1 个不稳定版本
0.1.2 | 2022 年 3 月 19 日 |
---|
#10 在 #bibliography
36KB
559 代码行
bib-unifier
Rust 编译项目,用于统一一系列 .bib 文件。
该项目仍在早期开发阶段,不应在生产环境中使用
用法
$ bib_unifier --help
bib_unifier 0.1.1
Ariel Jonathan Roffé <[email protected]>
Unifies a set of .bib files into a single file, deleting repetitions
USAGE:
bib_unifier [OPTIONS] <PATH>
ARGS:
<PATH> Directory where the .bib files are located
OPTIONS:
-o, --output <PATH>
Path (directory + filename) to the desired output file
-s, --silent
If present, will not ask for input regarding which repeated entry to keep
-t, --threshold <SIMILARITY_THRESHOLD>
Value between 0 and 1 to compare entry titles [default: 1]
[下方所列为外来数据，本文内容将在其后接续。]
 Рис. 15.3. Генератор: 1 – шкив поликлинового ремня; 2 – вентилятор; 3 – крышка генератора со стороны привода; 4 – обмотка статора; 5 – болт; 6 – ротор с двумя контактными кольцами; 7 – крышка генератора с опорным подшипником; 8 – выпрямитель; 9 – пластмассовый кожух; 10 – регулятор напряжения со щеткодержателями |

-a, --algorithm <ALGORITHM>
Algorithm to use to compare similarity [default: levenshtein] [possible values:
levenshtein, damerau-levenshtein, jaro, jaro-winkler, sorensen-dice]
-b, --biblatex
Default format for entries is bibtex. Setting this flag changes it to biblatex
-h, --help
Print help information
-V, --version
Print version information
示例
最简单的用法
$ bib_unifier bib_files/test_files -s
Unifiying bibliography...
Found 3 repetitions in the bibliography.
Unified bibliography was written to "bib_files/test_files/[bib_unifier]bibliography.bib".
程序将在指定的目录中查找任何 .bib 文件,读取它们,消除它们之间的重复项,并将它们合并为一个输出文件。
.bib 文件必须格式正确,否则程序将带错误退出。
更改输出文件
默认情况下,输出文件命名为 "[bib_unifier]bibliography.bib",并放置在输入目录中。
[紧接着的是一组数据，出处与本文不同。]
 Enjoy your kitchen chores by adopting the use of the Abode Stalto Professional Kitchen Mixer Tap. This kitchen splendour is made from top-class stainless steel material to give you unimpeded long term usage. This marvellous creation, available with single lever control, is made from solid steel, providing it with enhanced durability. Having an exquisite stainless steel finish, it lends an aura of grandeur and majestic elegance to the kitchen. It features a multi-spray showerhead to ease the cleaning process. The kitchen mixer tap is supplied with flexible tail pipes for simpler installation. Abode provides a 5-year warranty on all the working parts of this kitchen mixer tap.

请注意,程序设置为忽略以 "[bib_unifier]" 开头的文件。这样,如果您再次运行程序(使用相同的或不同的参数),它不会将先前生成的输出作为新输入。
如果您希望更改输出路径,可以使用 -o
或 --output
标志来更改
$ bib_unifier bib_files/test_files -s -o bib_files/test_files/output.bib
Unifiying bibliography...
Found 5 repetitions in the bibliography.
Unified bibliography was written to "bib_files/test_files/output.bib".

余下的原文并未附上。